= WORK INSTRUCTION =
Transcribe all of the data exactly. Omit the pictures.

Data excerpts:
══════════════════════════════

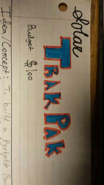 El Trak Pak un diseño por venir en un futuro cercano. El concepto de idea es tener un portátil 12v CC y 120 v Ac junto con una alimentación del usb 5v dc. El concepto es utilizar paneles solares, un banco de baterías, un controlador de carga solar y algunas otras piezas eléctricas para juntar un paquete de energía Solar.
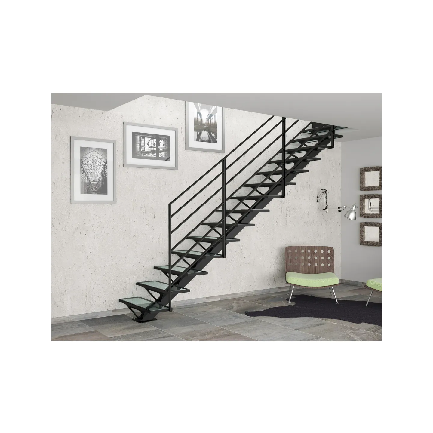 Marches en verre stratifié 8+8 mm montées sur cadre en acier avec support métallique soudé triangulaire
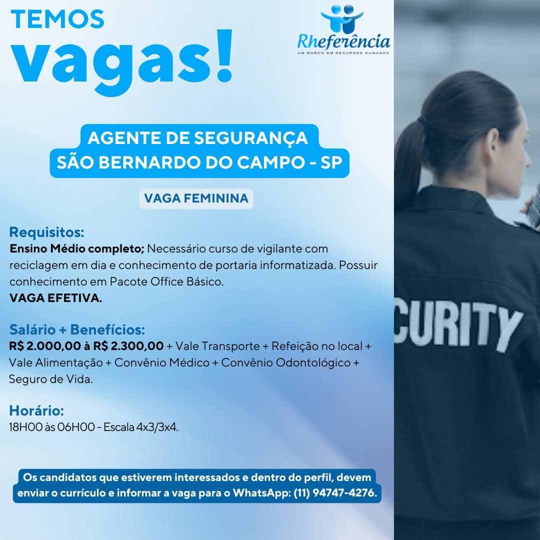 Vaga de Agente de Segurança com Salário de até R$ 2.300,00 + Benefícios
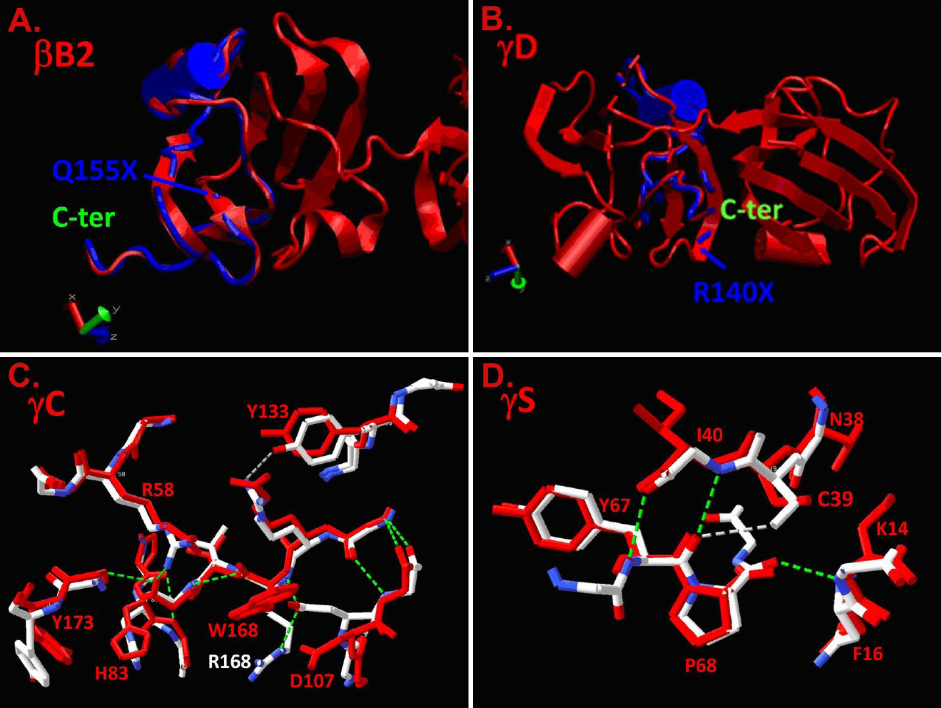 (γS-crystallin) mutations are shown in red. Hydrogen-bonding patterns
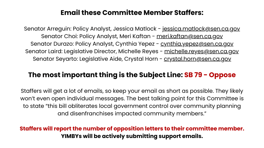 SB-79 bypasses local zoning and local control of development (the projects must be allowed no matter how bad for the community)

══════════════════════════════

= OUTPUT FOR THIS EXERCISE =
 El Trak Pak un diseño por venir en un futuro cercano. El concepto de idea es tener un portátil 12v CC y 120 v Ac junto con una alimentación del usb 5v dc. El concepto es utilizar paneles solares, un banco de baterías, un controlador de carga solar y algunas otras piezas eléctricas para juntar un paquete de energía Solar.
 Marches en verre stratifié 8+8 mm montées sur cadre en acier avec support métallique soudé triangulaire
 Vaga de Agente de Segurança com Salário de até R$ 2.300,00 + Benefícios
 (γS-crystallin) mutations are shown in red. Hydrogen-bonding patterns
 SB-79 bypasses local zoning and local control of development (the projects must be allowed no matter how bad for the community)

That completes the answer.